Suara pintu terbuka. Mataku memang tidak menghadap pintu, tapi telingaku berfungsi sangat baik dalam ruangan sepi ini.

"Permisi. Bisakah kau membantuku?!" aku berseru.

"Elaine?"

"Russell? Apakah itu kau?" Aku berusaha mengangkat kaki, menendang udara, dan menciptakan bunyi agar keberadaanku disadari.

"Apa yang kau lakukan?" tanya Russell begitu dia berdiri di sebelahku.

"Menikmati pesta dengan cara yang salah," jawabku malu.

"Bisakah kau membantuku lepas? Aku tersangkut besi tempa," lanjutku.

Russell berjongkok di dekatku. Dia menyibak tanaman di dekat pagar pendek besi tempa untuk melihat wajahku. Dia menyeringai. "Menyenangkan melihat seseorang yang sudah mengerjaiku dalam kondisi seperti ini," katanya.

"Aku minta maaf. Aku hanya berusaha membantu Miss Brigitte," kataku berpura-pura sedih.
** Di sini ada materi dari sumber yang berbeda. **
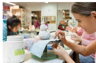
Kids clay workshop

A wide range of creative art classes tailored for children aged 6 – 13 years. Includes clay work, drawing & painting, ink & collage work plus much more! Full details available on the website. Enrolling now.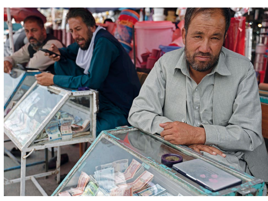
Afghan money changers wait for customers along a street near the Sarai Shahzada currency exchange market in Kabul on 15 May 2022.

The Taliban takeover of Afghanistan in 2021 triggered economic collapse. Chatham House partnered with other leading think-tanks to discuss policy approaches in the wake of the crisis. Focusing on development and humanitarian aid, the Afghanistan Strategic Learning Initiative engaged more than 150 participants in workshops to develop evidence-based policy options. The project was led by the UK Humanitarian Innovation Hub.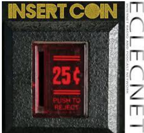
Fig 2. Coin and RFID card inserting setup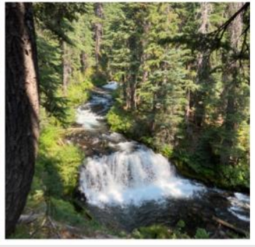
The 13th, we were on the trail at 8:30 am and made our way to the pickup at the Soda Creek Trailhead. We hiked through beautiful old growth forest and enjoyed numerous waterfalls.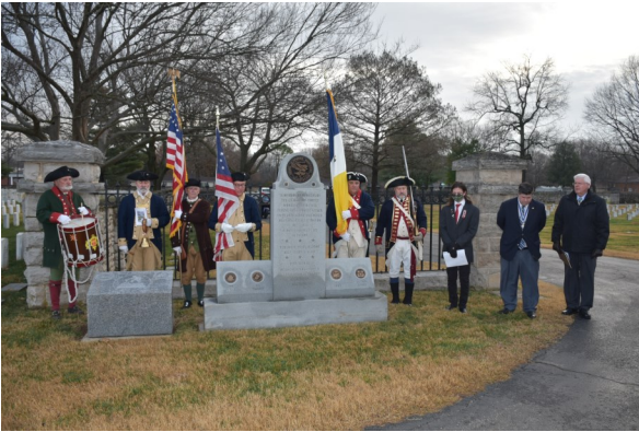
OMC at the Springfield National Cemetery at the Pearl Harbor Remembrance Stone.

Eighty years ago, at this hour, Japanese fighter planes attacked the United States Naval Base at Pearl Harbor, destroying much of our Pacific Fleet and killing more than 2,400 Americans, and injuring countless others. The following day, President Franklin D. Roosevelt called on Congress to declare war and "make it very cer-

Seandainya aku bisa menggambar halo di atas kepala pasti akan aku lakukan agar akting menyedihkanku semakin sempurna.

"Kau membuatku dalam posisi sulit," desis Russell.

"Aku pikir kau senang berdansa dengan gadis muda," godaku.

"Apa kau memanfaatkan gelarku supaya Miss Brigitte dilihat pemuda lajang di sana?"

"Tepat sekali!"

Russell berdecak. "Kalau begitu, di sana saja sepanjang malam," katanya.

"Hei, jangan tinggalkan aku. Bantu aku keluar dari sini."

"Kau pantas mendapatkannya, Marchioness of Hereford," ledeknya sembari berdiri, lalu berjalan menjauhiku.

"Keparat!"

Suasana seketika hening. Aku menggigit bibir bawah menyadari umpatanku bisa menyebabkan aku kehilangan kepala malam ini.

"Apa yang kau katakan barusan?" Russell bertanya pelan setelah sempat diam lama.

"Panggilan sayang?" jawabku dengan tololnya.

###

15/06/2020

Wadooooh, Elaine yang dulunya Elma, kamoh membuat masalah banget.